Question

An organic compound $\left(C_x{H}_{2y}{O}_y\right)$ was burnt with twice the amount of oxygen needed for complete combustion to $C{O}_2$ and $H_{2}O$. The hot gases when cooled to $0^{0}C$ and $1$ atm pressure measured $2.24L$. The water collected during cooling weighs $0.9$ g.
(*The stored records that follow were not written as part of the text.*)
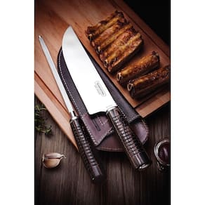 Mais Informações - A lâmina de aço inox da faca têm maior durabilidade do fio devido ao tratamento térmico.Chaira possui haste de aço carbono revestida com cromo-duro que garante uma maior durabilidade e precisão para a afiação.Os cabo de madeira tratada Polywood são resistentes à impactos e alta temperaturas garantindo maior resistência e durabilidade.A bainha em couro que oferece uma proteção ao fio da faca, permitindo o transporte e armazenagem com maior segurança.Estojo de madeira que oferece uma proteção as peças, permitindo o transporte e armazenagem com maior segurança.Pode ir à máquina de lavar louças facilitando seu dia a dia.
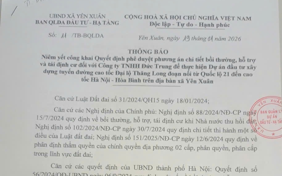 Thông báo: Niêm yết công khai Quyết định phê duyệt phương án chi tiết bồi thường, hỗ trợ và tái định cư đối với Công ty TNHH Đức Trung để thực hiện Dự án đầu tư xây dựng tuyến đường cao tốc Đại lộ Thăng Long đoạn nối từ Quốc lộ 21 đến cao tốc Hà Nội - Hòa Bình trên địa bàn xã Yên Xuân
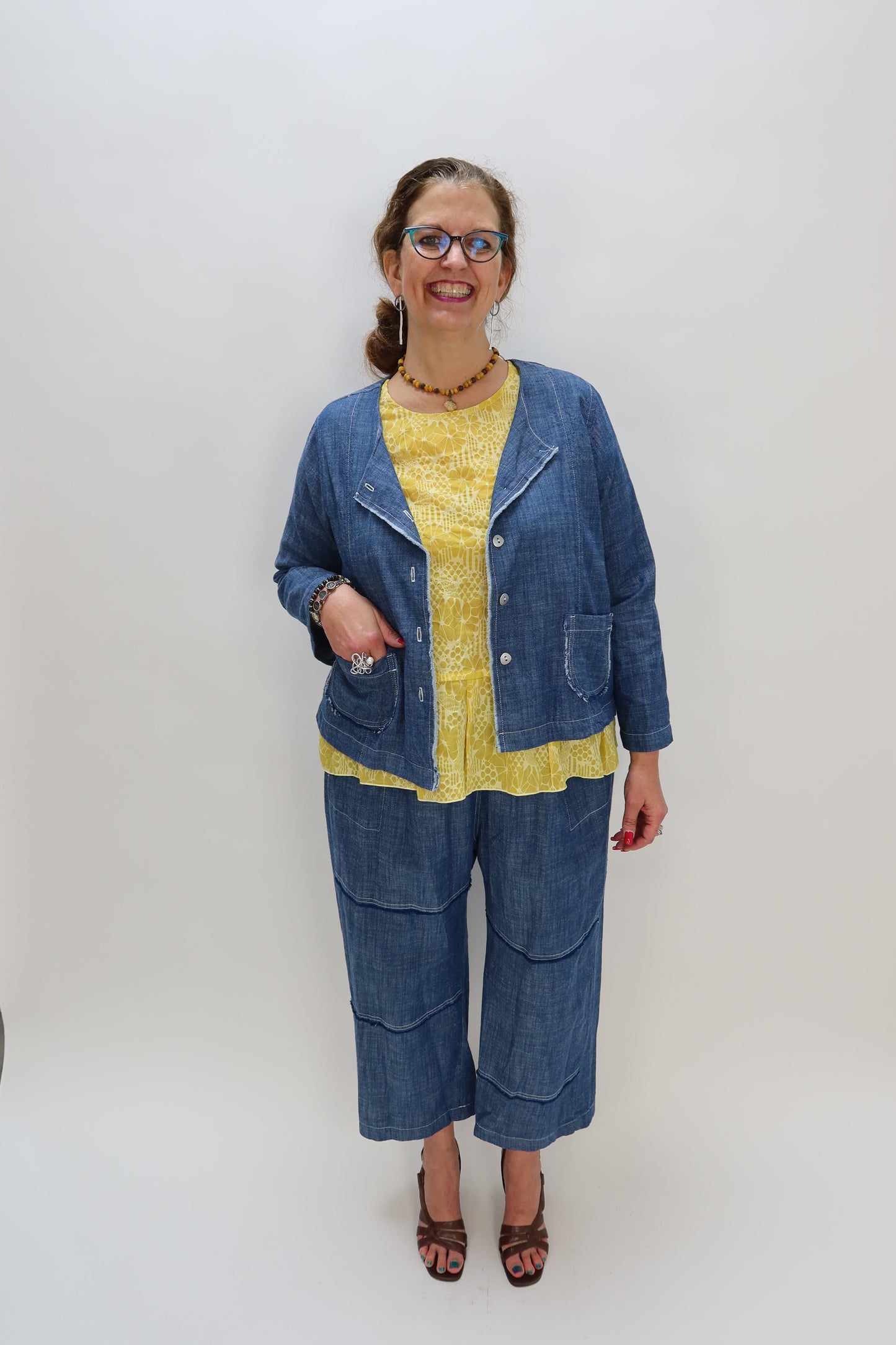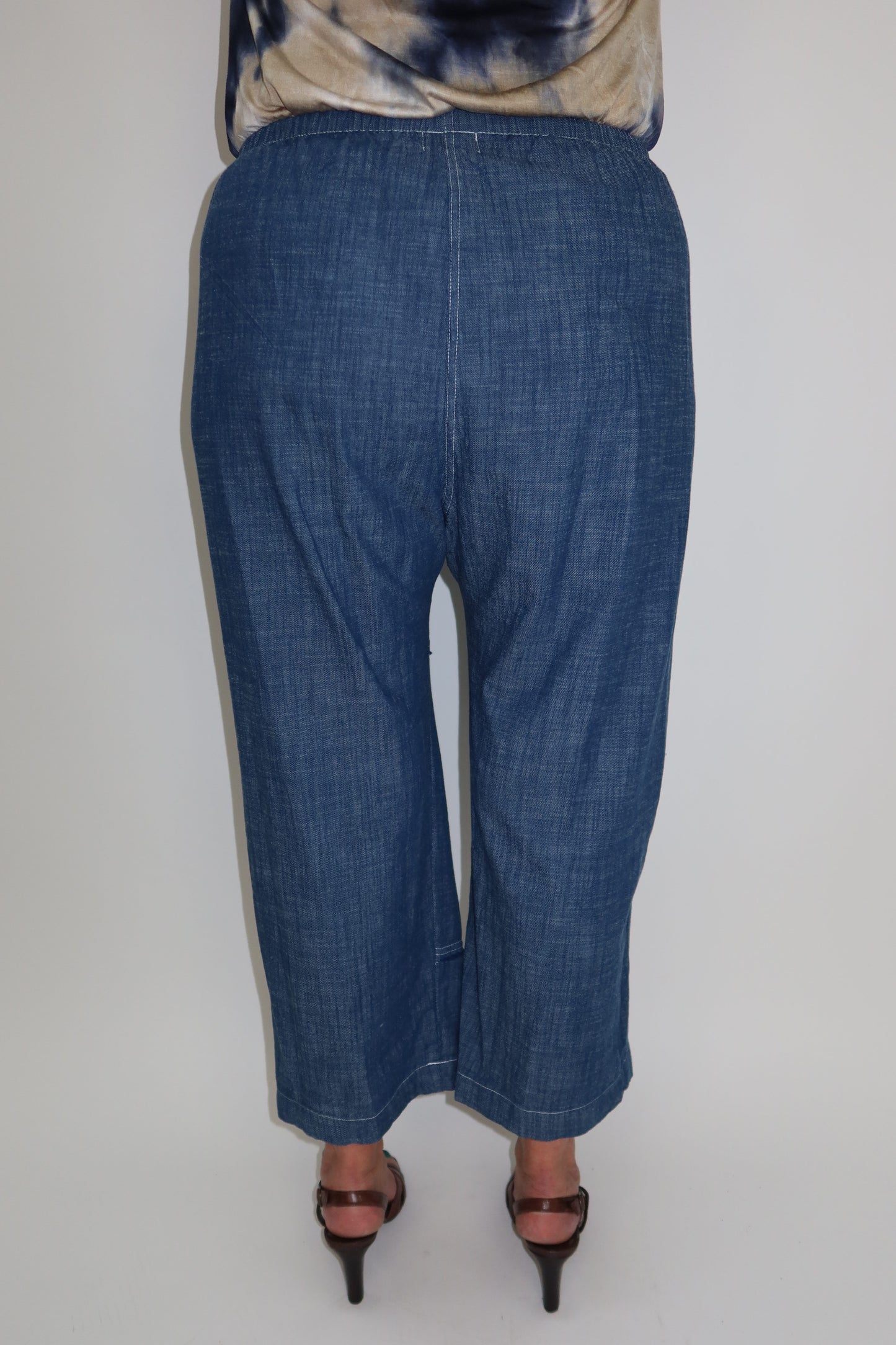 Raw Edge Fringe Crop Denim Chambray 100% Cotton Pants
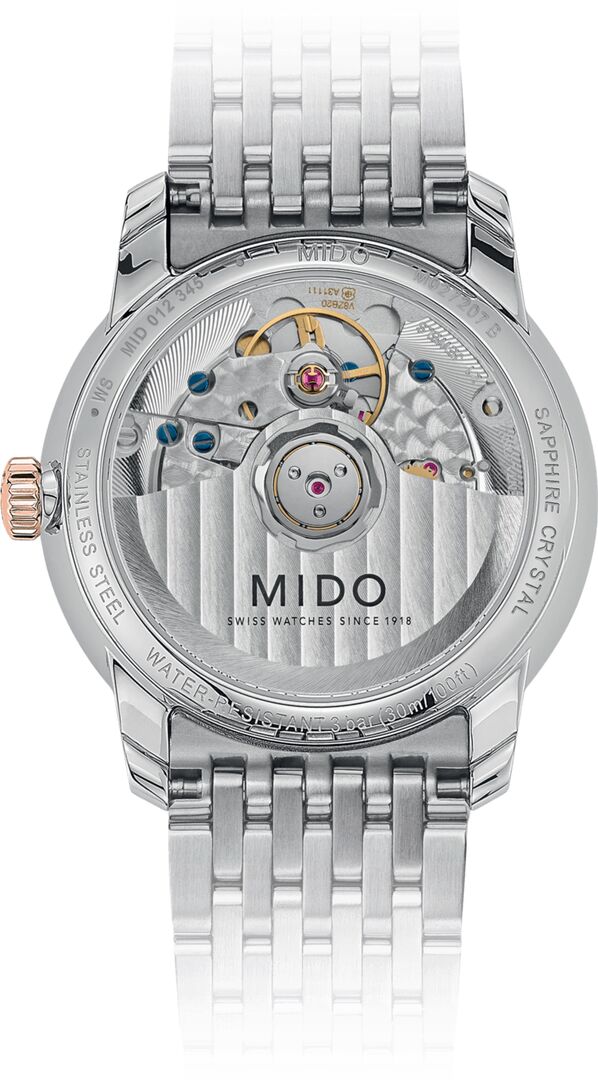 Cez priehľadný ciferník je vidieť nádherne zdobený mechanický strojček s automatickým naťahovaním, ktorý sa sám napína pohybom zápästia. Ide o kaliber Mido 72 so 72-hodinovou rezervou chodu, 21 drahokamami a závitom Nivachron, ktorý má antimagnetické vlastnosti. A čo znamená antimagnetický v praxi? Prečítajte si náš článok.
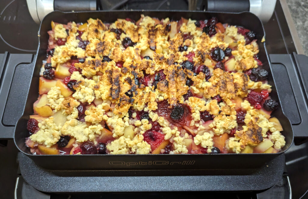 Den „Backofen“ testen wir mit einem Himbeer-Erdbeer-Crumble. Hierzu nutzen wir die im Rezept vorgeschlagene Anleitung. Auch wenn die Menge und das Verhältnis der Personenanzahl wie erwähnt wenig Sinn macht, überzeugt uns das Ergebnis. Zum Start bereiten wir den Teig nach vorhandener Anleitung zu und können den vorgeschlagenen Temperaturbereich über das mehrfache Drücken der Taste für den manuellen Modus auswählen. Nachdem die Backform eingesetzt ist, startet der Druck auf die OK-Taste die Zubereitung. Nach der angegebenen Zeit von 20 Minuten kann sich das Ergebnis sehen lassen. Die Hitzeverteilung ist gleichmäßig und sorgt dafür, dass der Backprozess vollständig abgeschlossen ist. Dies geht auch in einem Backofen nicht schneller – sehr gut.
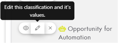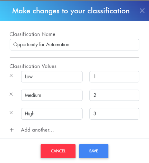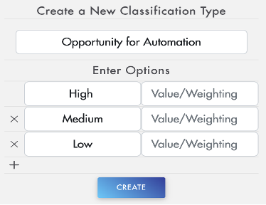 In the example below a new classification has been entered for Opportunity for Automation with the available options including High, Medium and Low.
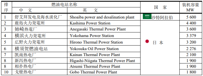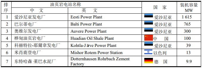 表中油頁(yè)巖電站所使用的燃料不是頁(yè)巖油,而是油頁(yè)巖。
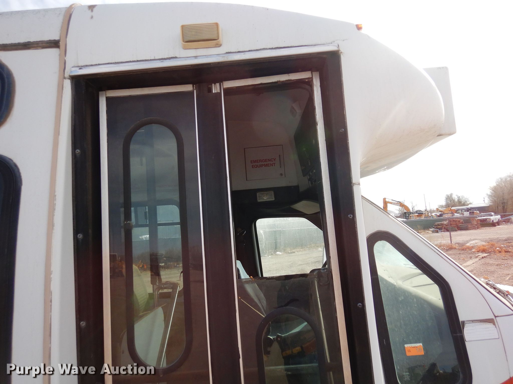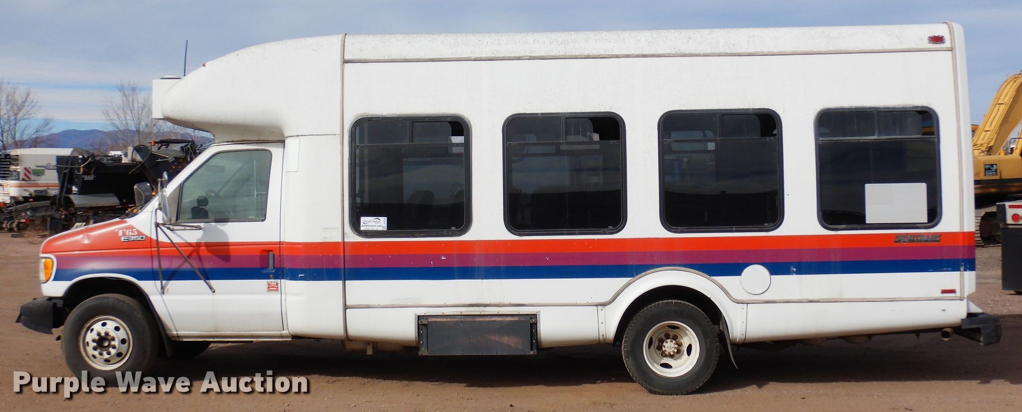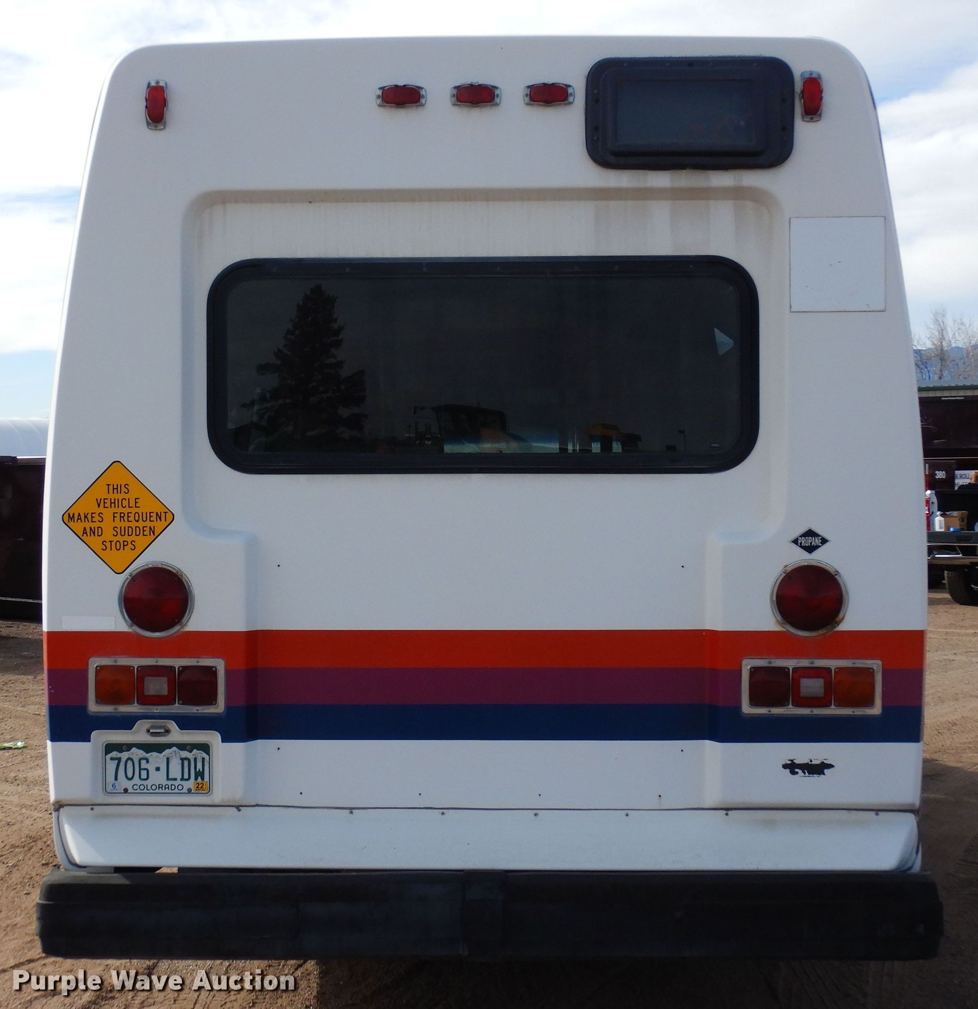 1994 Ford E350 shuttle bus. Miles: 215,160 on odometer, VIN: 1FDKE30G2RHB83775. Engine Ford, Displacement: 7.5L V8 OHV, Cylinders: 8, Fuel type: LPG. Transmission Automatic. Chassis Axles: Single, Suspension: Spring, Brakes: Hydraulic. Interior AC, Heat, Cruise control, Auxiliary controls, Passengers: 14, Wheelchair lift. Tires Front: LT245/75R16, Rear: LT225/75R16. Notes Glass missing. Colorado title. Title distribution may be delayed up to 14 days from verification of funds. Trax Construction. 5575 East Bijou Street. Colorado Springs, CO 80916
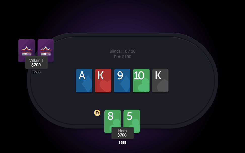 Наши карманные карты ниже карт, лежащих на доске, и поэтому готовая комбинация выглядит как AK9TKпара королей.
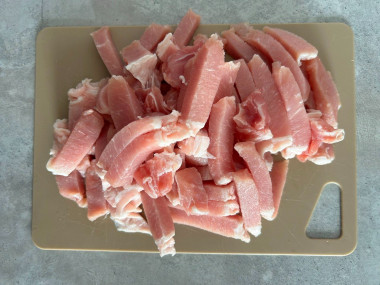 Как пожарить мясо свинины с луком? Подготовьте ингредиенты. Можно использовать любое мясо: свинину, говядину или мясо птицы. Единственное, нужно учитывать, что время жарки у каждого мяса разная. Самое вкусное и сочное мясо, жареное на сковороде, получается из свинины. Главное, использовать свежий и качественный продукт. Свинину моем, срезаем пленки, нарезаем мякоть маленькими кусочками и еще раз промываем водой и просушиваем бумажным полотенцем.
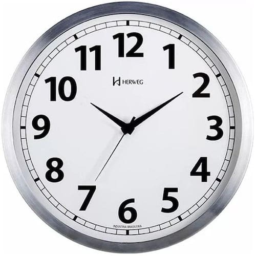 Relógio Parede Step Base Alumínio Escovado ( Original Herweg )- Estilo: Moderno- Medidas: 24,5D x 4E cm- Base em Amlumínio Escovado- Visor de Vidro- Botões de regulagem na parte traseira do produto- Usa 1 pilha AA 1,5V que não acompanha o produto Usa pilha AA Mecanismo Step (Faz Tic-Tac) Este produto acompanha:- Manual em Português- Nota Fiscal- Embalagem- Garantia de 12 meses do Fabricante Ean: 7897280342936

The vapour pressure of pure water at ${20}^{o}C$ is $17.5$ mm of Hg and is lowered by $0.104$ mm when $50$ g of the organic compound is dissolved in $1000$ g of water. Give the molecular formula of the organic compound.

• A. $C_5{H}_{10}{O}_5$
• B. $C_{10}{H}_{20}{O}_{10}$
• C. $C_4{H}_8{O}_4$
• D. None of these

Answer 1

The correct option is D None of these

The molecular formula of the compound is $C_x{H}_{2y}{O}_y$
$C_x{H}_{2y}{O}_y+x{O}_2\to xC{O}_2+y{H}_{2}O$.
The amount of oxygen is twice the required amount i.e 2x.
The hot gases when cooled to $0^{0}C$ and 1 atm pressure measured 2.24L.
This corresponds to 0.1 mole as 22.4 L of any gas at NTP corresponds to 1 mole.
$x+x+y=0.1$
$2x+y=0.1$ .....(1)
The water collected during cooling weighs 0.9 g. This correspnds to $\frac{0.9}{18}=0.05$ moles.
Thus $y=0.05$ .....(2)
Substitute equation (2) in equation (1)
$2x+0.05=0.1$
$2x=0.05$
$x=0.025$ ......(3)
The ration $x:y$ is $0.025:0.05$ or $1:2$.
Hence, the empirical formula of the organic compound is $C{H}_4{O}_2$.
The empirical formula mass is $12+4+32=48g/mol$.
$\frac{p^0-p}{p^0}=\frac{W_2}{M_2}\times \frac{M_1}{W_1}$

$\frac{0.104}{17.5}=\frac{50}{M_2}\times \frac{0.018}{1000}$

$\frac{0.104}{17.5}=\frac{50}{M_2}\times \frac{0.018}{1000}$

$M_2=0.151kg=151g$
$r=\frac{\text{Molecular mass}}{\text{empirical mass}}=\frac{151}{48}=3.1\simeq 3$
Therefore, the molecular formula of the organic gas is $3\times C{H}_4{O}_2=C_3{H}_{12}{O}_6$.